Convention for the avoidance of double taxation in Belgium and the UK
The Belgium-UK Double Taxation Convention was signed in 1987 and was amended in 2012 by a Protocol. The treaty was signed in order to prevent double taxation on income and capital gains and at the same time help prevent evasion.
Belgian-UK investors or UK-Belgian investors benefit from this Convention because the income they produce is only being taxed once. Belgium has also signed double tax treaties
with other countries and the experts at our Belgian law firm
can help you know more about these treaties.

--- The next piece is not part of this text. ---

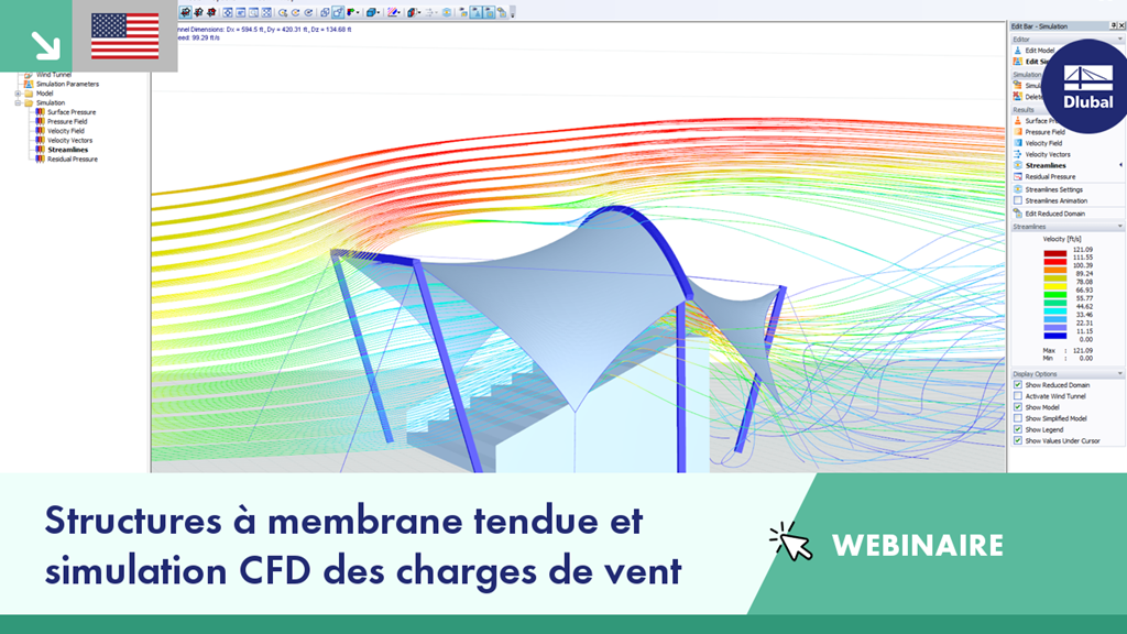Ce webinaire présente le calcul complet d'une structure à membrane tendue dans RFEM, y compris l'analyse CFD des charges de vent à l'aide de RWIND Simulation.

The taxes covered by the UK-Belgium double tax treaty
The Convention for the avoidance of double taxation targets certain taxes, both in Belgium and in the United Kingdom. In Belgium, the taxes to which the treaty applies are the following:
- the individual income tax;
- the income tax on legal entities;
- the income tax on non-residents.
In the UK, the Convention applies to the same taxes, namely:
- the income tax;
- the corporate tax;
- the capital gains tax;
- the petroleum revenue tax.
In Belgium the treaty also applies to prepayments and the surcharges on the taxes and payments. The Convention also applies to any taxes that may be levied in place of or in addition to the ones listed above. Belgium has the obligation to announce the UK if any changes occur in its taxation law
and the United Kingdom is obliged to do the same.
Taxation of dividends and other matters included in the Belgium-UK Convention
The Convention also sets forth the taxation method for dividends
, interest, royalties and capital gains. Other forms of income that are taxed according to the treaty are independent personal services, dependent personal services, director’s fees, pensions, government services, offshore activities and other types of income.